Optional, the maximum number of matching gene hits to return (with a cap of 1000 at the moment). Default: 10.

from

Optional, the number of matching gene hits to skip, starting from 0. Default: 0

Hint

The combination of “size” and “from” parameters can be used to get paging for large query:

q=cdk*&size=50                     first 50 hits
q=cdk*&size=50&from=50             the next 50 hits

sort

Optional, the comma-separated fields to sort on. Prefix with “-” for descending order, otherwise in ascending order. Default: sort by matching scores in decending order.

facets

Optional, a single field or comma-separated fields to return facets, for example, “facets=taxid”, “facets=taxid,type_of_gene”. See examples of faceted queries here.

species_facet_filter

Optional, relevant when faceting on species (i.e., “facets=taxid” are passed). It’s used to pass species filter without changing the scope of faceting, so that the returned facet counts won’t change. Either species name or taxonomy id can be used, just like “species” parameter above. See examples of faceted queries here.

entrezonly

Optional, when passed as “true” or “1”, the query returns only the hits with valid Entrez gene ids. Default: false.

ensemblonly

Optional, when passed as “true” or “1”, the query returns only the hits with valid Ensembl gene ids.

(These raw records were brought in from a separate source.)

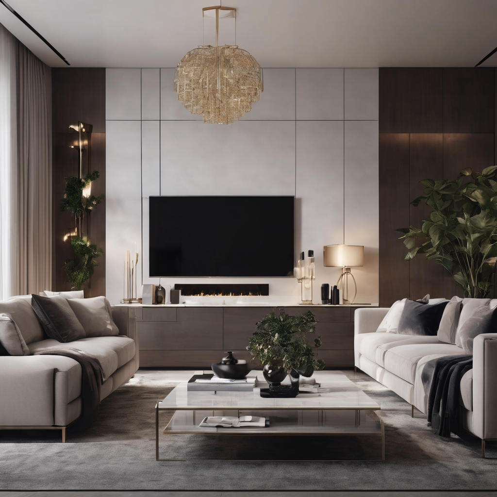 The living room exudes warmth and elegance with two plush couches framing a central coffee table, inviting intimate conversations or peaceful relaxation. Above, a dazzling chandelier adds a touch of sophistication, casting a soft glow across the room. The television rests quietly, unassuming, offering entertainment when desired but currently silent. It’s a space designed for comfort and connection, where moments of leisure unfold in a serene ambiance.
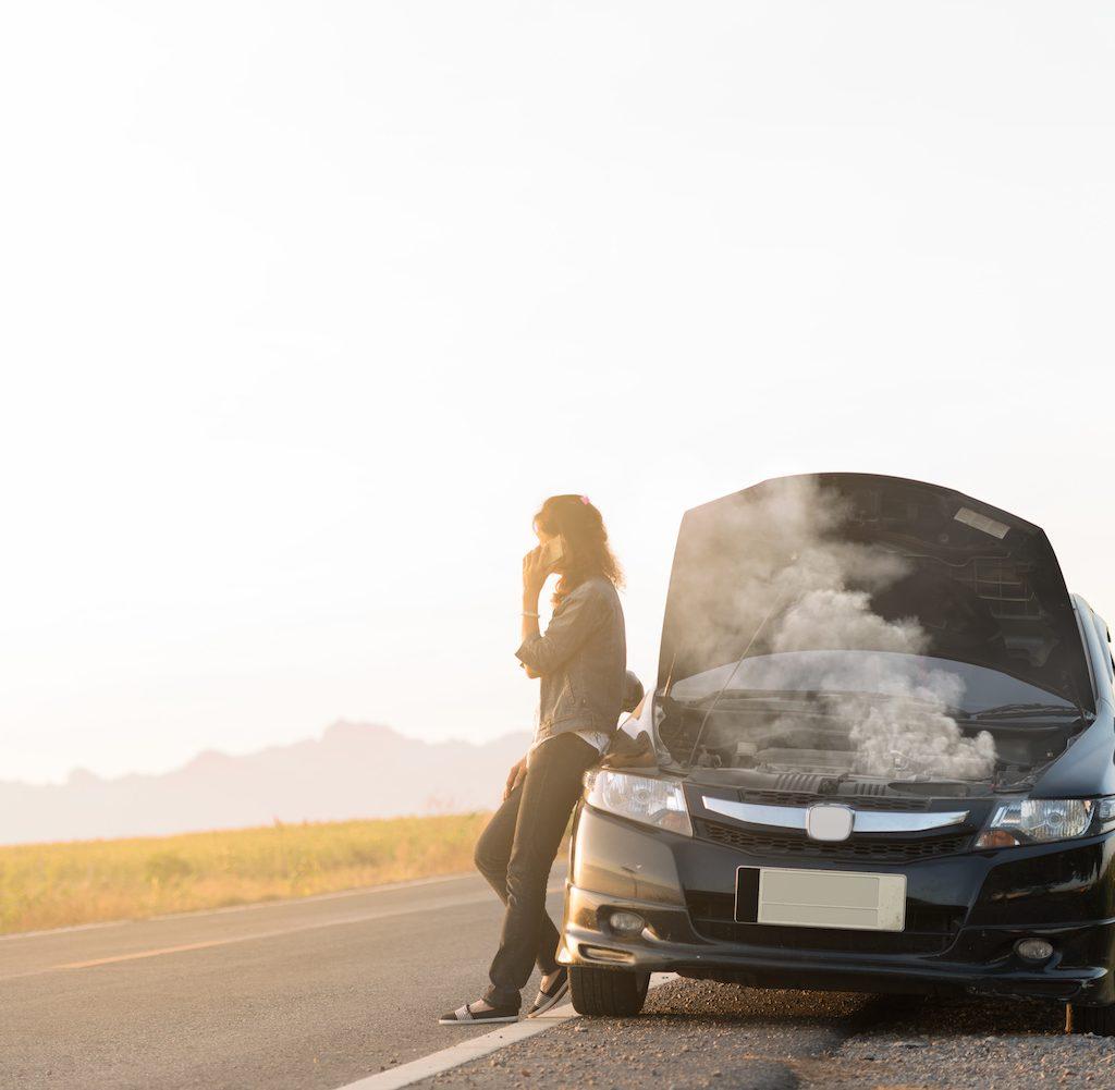 Broken car. Lady standing on the road
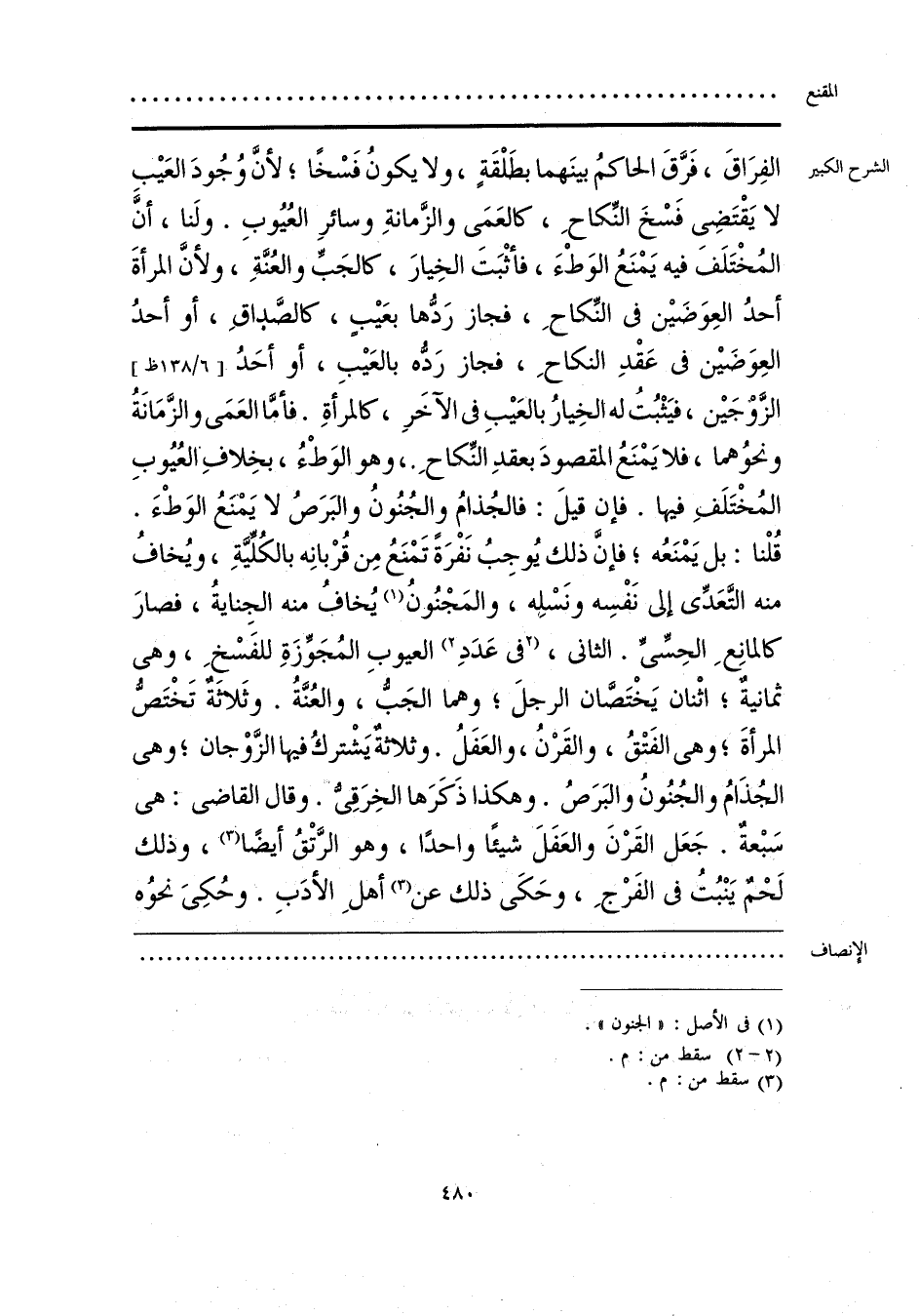 الفِرَاقَ، فَرَّقَ الحاكمُ بينَهما بطَلْقَةٍ، ولا يكونُ فَسْخًا؛ لأنَّ وُجُودَ العَيب لا يَقْتَضِي فَسْخَ النِّكاحِ، كالعَمَى والزَّمانةِ وسائرِ العُيُوبِ. ولَنا، أنَّ المُخْتَلَفَ فيه يَمْنَعُ الوَطْءَ، فأثْبَتَ الخِيارَ، كالجَبِّ والعُنَّةِ، ولأنَّ المرأةَ أحدُ العِوَضَين في النِّكاحِ، فجاز رَدُّها بعَيبٍ، كالصَّداقِ، أو أحدُ العِوَضَين في عَقْدِ النكاحِ، فجاز رَدُّه بالعَيبِ، أو أحَدُ الزَّوْجَين، فيَثْبُتُ له الخِيارُ بالعَيبِ في الآخَرِ، كالمرأةِ. فأمَّا العَمَى والزَّمَانَةُ ونحوُهما، فلا يَمْنَعُ المقصودَ بعقدِ النِّكاحِ، وهو الوَطْءُ، بخِلافِ العُيُوبِ المُخْتَلَفِ فيها. فإن قيلَ: فالجُذامُ والجُنُونُ والبَرَصُ لا يَمْنَعُ الوَطْءَ. قُلْنا: بل يَمْنَعُه؛ فإنَّ ذلك يُوجِبُ نفْرَةً تَمْنَعُ مِن قُرْبانِه بالكُلِّيَّةِ، ويُخافُ منه التَّعَدِّي إلى نَفْسِه ونَسْلِه، والمَجْنُونُ (¬1) يُخافُ منه الجِنايةُ، فصارَ كالمانِعِ الحِسِّيِّ. الثاني، [في عَدَدِ] (¬2) العيوبِ المُجَوِّزَةِ للفَسْخِ، وهي ثمانيةٌ؛ اثْنان يَخْتَصَّان الرجلَ؛ وهما الجَبُّ، والعُنَّةُ. وثَلاثةٌ تَخْتَصُّ المرأةَ؛ وهي الفَتْقُ، والقَرْنُ، والعَفَلُ. وثلاثةٌ يَشْتركُ فيها الزَّوْجان؛ وهي الجُذَامُ والجُنُونُ والبَرَصُ. وهكذا ذَكَرَها الخِرَقِيُّ. وقال القاضي: هي سَبْعةٌ. جَعَل القَرْنَ والعَفَلَ شيئًا واحدًا، وهو الرَّتْقُ أيضًا (3)، وذلك لَحْمٌ يَنْبُتُ في الفَرْجِ، وحَكَى ذلك عن (¬3) أهلِ الأدَبِ. وحُكِيَ نحوُه

Default: false.

callback

Optional, you can pass a “callback” parameter to make a JSONP call.

dotfield

Optional, can be used to control the format of the returned fields when passed “fields” parameter contains dot notation, e.g. “fields=refseq.rna”. If “dofield” is true, the returned data object contains a single “refseq.rna” field, otherwise, a single “refseq” field with a sub-field of “rna”. Default: true.

filter

Alias for “fields” parameter.

limit

Alias for “size” parameter.

email

Optional, if you are regular users of our services, we encourage you to provide us an email, so that we can better track the usage or follow up with you.

Query syntax

Examples of query parameter “q”:

Simple queries

search for everything:

q=cdk2                              search for any fields
q=tumor suppressor                  default as "AND" for all query terms
q="cyclin-dependent kinase"         search for the phrase

Fielded queries

q=entrezgene:1017
q=symbol:cdk2
q=refseq:NM_001798
Available fields
Field Description Examples
entrezgene Entrez gene id q=entrezgene:1017
ensemblgene Ensembl gene id q=ensemblgene:ENSG00000123374
symbol official gene symbol q=symbol:cdk2
name gene name q=name:cyclin-dependent
alias gene alias q=alias:p33
summary gene summary text q=summary:insulin
refseq NCBI RefSeq id (both rna and proteins) q=refseq:NM_001798
q=refseq:NP_439892
unigene NCBI UniGene id q=unigene:Hs.19192
homologene NCBI HomoloGene id q=homologene:74409
accession NCBI GeneBank Accession number q=accession:AA810989
ensembltranscript Ensembl transcript id q=ensembltranscript:ENST00000266970
ensemblprotein Ensembl protein id q=ensemblprotein:ENSP00000243067
uniprot UniProt id q=uniprot:P24941
ipi (deprecated!) IPI id q=ipi:IPI00031681
pdb PDB id q=pdb:1AQ1
prosite Prosite id q=prosite:PS50011
pfam PFam id q=pfam:PF00069
interpro InterPro id q=interpro:IPR008351
mim OMIM id q=mim:116953
pharmgkb PharmGKB id q=pharmgkb:PA101
reporter Affymetrix probeset id q=reporter:204252_at
reagent GNF reagent id q=reagent:GNF282834
go Gene Ontology id q=go:0000307
hgnc HUGO Gene Nomenclature Committee q=hgnc:1771
hprd Human Protein Reference Database q=hprd:00310
mgi Mouse Genome Informatics q=mgi:MGI\\:88339
rgb Rat Genome Database q=rgd:620620
flybase A Database of Drosophila Genes & Genomes q=flybase:FBgn0004107&species=fruitfly
wormbase C elegans and related nematodes database q=wormbase:WBGene00057218&species=31234
zfin Zebrafish Information Network q=zfin:ZDB-GENE-980526-104&species=zebrafish
tair Arabidopsis Information Resource q=tair:AT3G48750&species=thale-cress
xenbase
Xenopus laevis and Xenopus tropicalis
biology and genomics resource
q=xenbase:XB-GENE-1001990&species=frog
mirbase
database of published miRNA
sequences and annotation
q=mirbase:MI0017267
retired
Retired Entrez gene id, including
those with replaced gene ids.
q=retired:84999

Genome interval query

When we detect your query (“q” parameter) contains a genome interval pattern like this one:

chrX:151,073,054-151,383,976

we will do the genome interval query for you. Besides above interval string, you also need to specify “species” parameter (with the default as human). These are all acceptted queries:

q=chrX:151073054-151383976&species:9606
q=chrX:151,073,054-151,383,976&species:human

Hint

As you can see above, the genomic locations can include commas in it.

Wildcard queries

Wildcard character “*” or ”?” is supported in either simple queries or fielded queries:

q=CDK?                              single character wildcard
q=symbol:CDK?                       single character wildcard within "symbol" field
q=IL*R                              multiple character wildcard

Note

Wildcard character can not be the first character. It will be ignored.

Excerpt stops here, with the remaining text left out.